The restoration was celebrated with a special performance of Much Ado About Nothing put on in the grounds over a Bank Holiday weekend. The performance - interrupted by rain and mooing by cows - year marks the 40th anniversary of our family living at Upton Cressett in Shropshire.

When I took over the property in 2007, the house needed completely re-modernising, from new electrics to lime-plastering to new mullion windows, as well as installing central heating for the first time in 500 years. In my parents' day, the main guest bathroom was almost fifty yards from some bedrooms.

On freezing winter mornings, I used to hear people literally running down the corridor in order to get to the bathroom; and then five minutes later they would run back (with a towel around their waist) as they discovered that the hot water - there was just enough for two baths a day for the entire household - had run out and they would either have to face a cold shower or use kettles.
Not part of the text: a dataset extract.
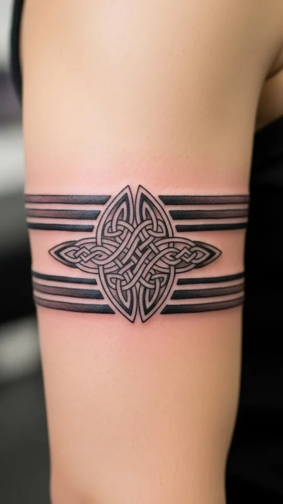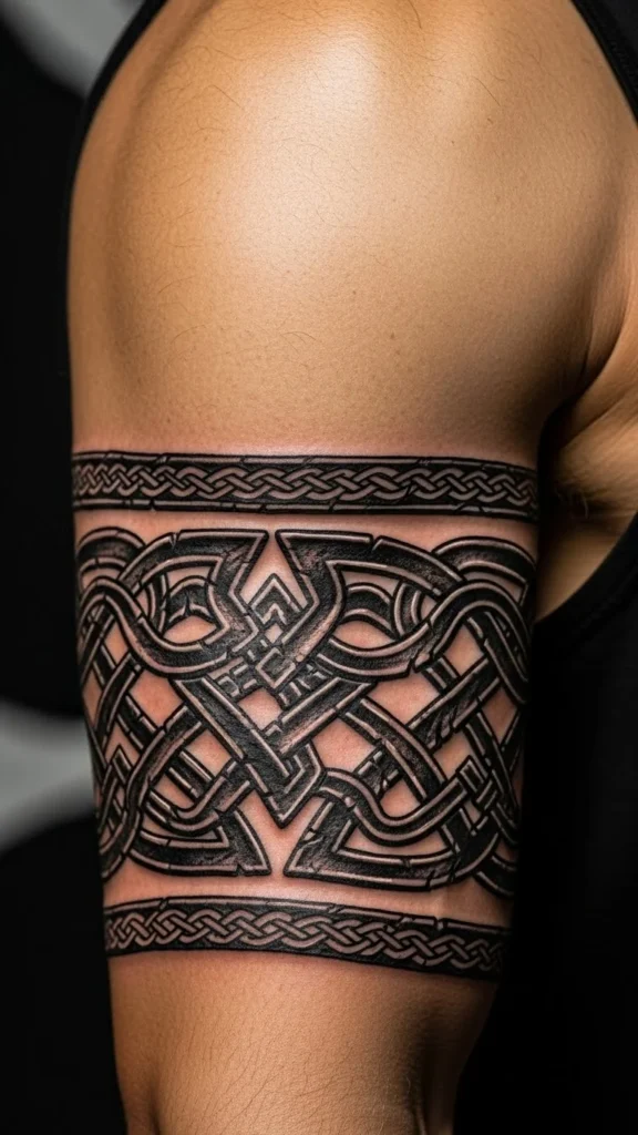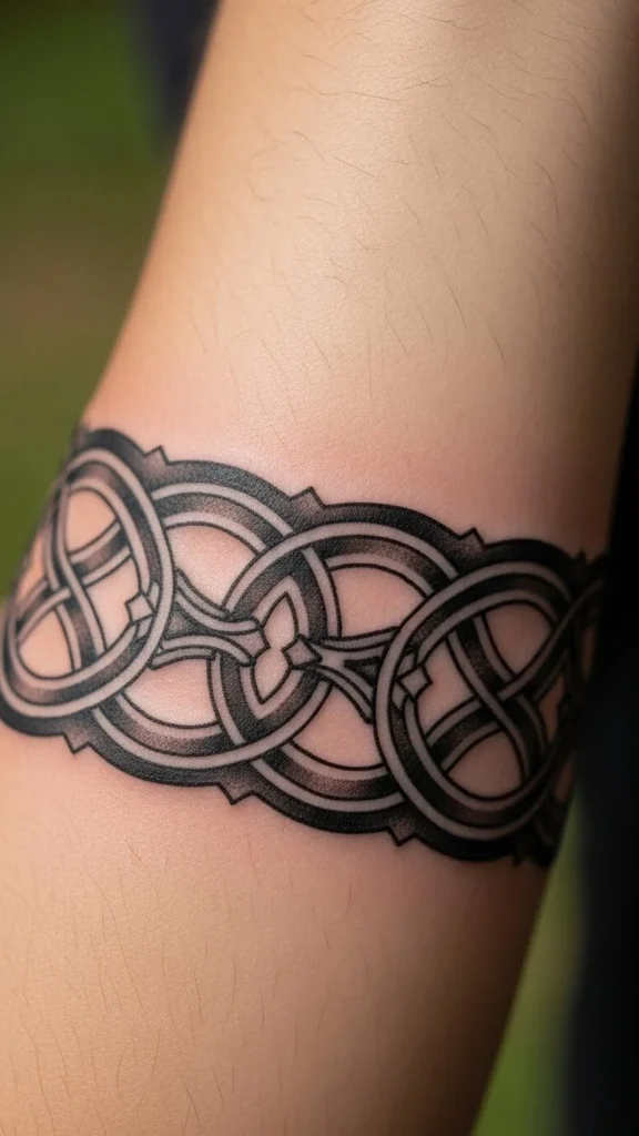 Triple borders give your band a polished finish. The knotwork sits inside the borders, creating a steady frame that wraps smoothly. This style works well on medium to large areas. To keep the tattoo affordable, ask for simple linework without shading. A DIY paper strip with three hand-drawn lines helps you test how wide the borders should be. You can thicken the outer lines for more contrast or keep everything thin for a subtle look. The framed style makes the knotwork feel clean and structured.
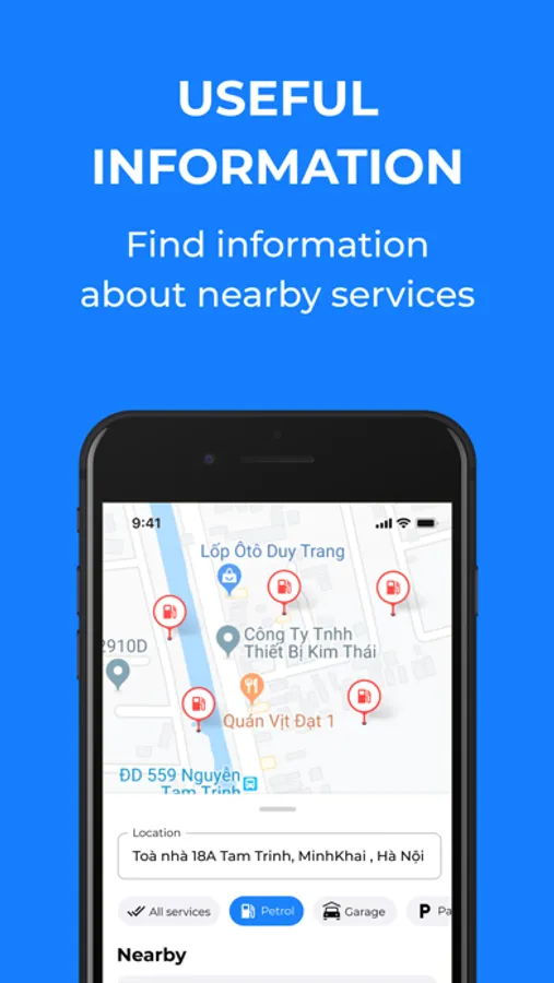 - SOS: Emergency services including wheel change, air pump, rescue team,...

Ironically, the new plumbing I have installed - which involved drilling sometimes for hours to get through an ancient 15th century floor joist - has been a fiaso as Upton Cressett must be one of the only country houses in England that has unlimited hot water but never enough cold water.

At my first shooting party weekend, in January of this year, I was horrified to learnt hat the cold water tank fitted is of a size large enough to provide water for an average 'two bedroom' house. Another £5000 had to be spent to install a new cold water storage tank.

But Upton Cressett is used to change. The house has had many facelifts, modernisations and incarnations. Simon Jenkins, in his book 'The Thousand Best Houses of Britain', describes his frustration at trying to understand the architecture of the house, saying: 'It is not easy to read'. I like that aspect of living here. You never quite know what rooms were originally used for what, or when new floors were put in- such as the floor of the library whose upper beamed roof is the original roof of the 14th century Great Hall - and this adds a living sense of fluid and living time to the house. It is not a house that feels preserved in Tudor aspic, its musty atmosphere weighed down by too much dark oak furniture, as I feel whenever I visit other local houses such as Boscabel (where Charles II hid up an oak tree and where I proposed to my first wife) or old Moseley Hall.

Originally built of timber in the 14th century, it was upgraded to brick in 1580 - as was the fashion - by Richard Cressett who was Sheriff of Shropshire and has his initials carved in the panelling above the bed in the master bedroom. In the 16th century, Upton Cressett had one of the largest medieval deer parks in the Midlands.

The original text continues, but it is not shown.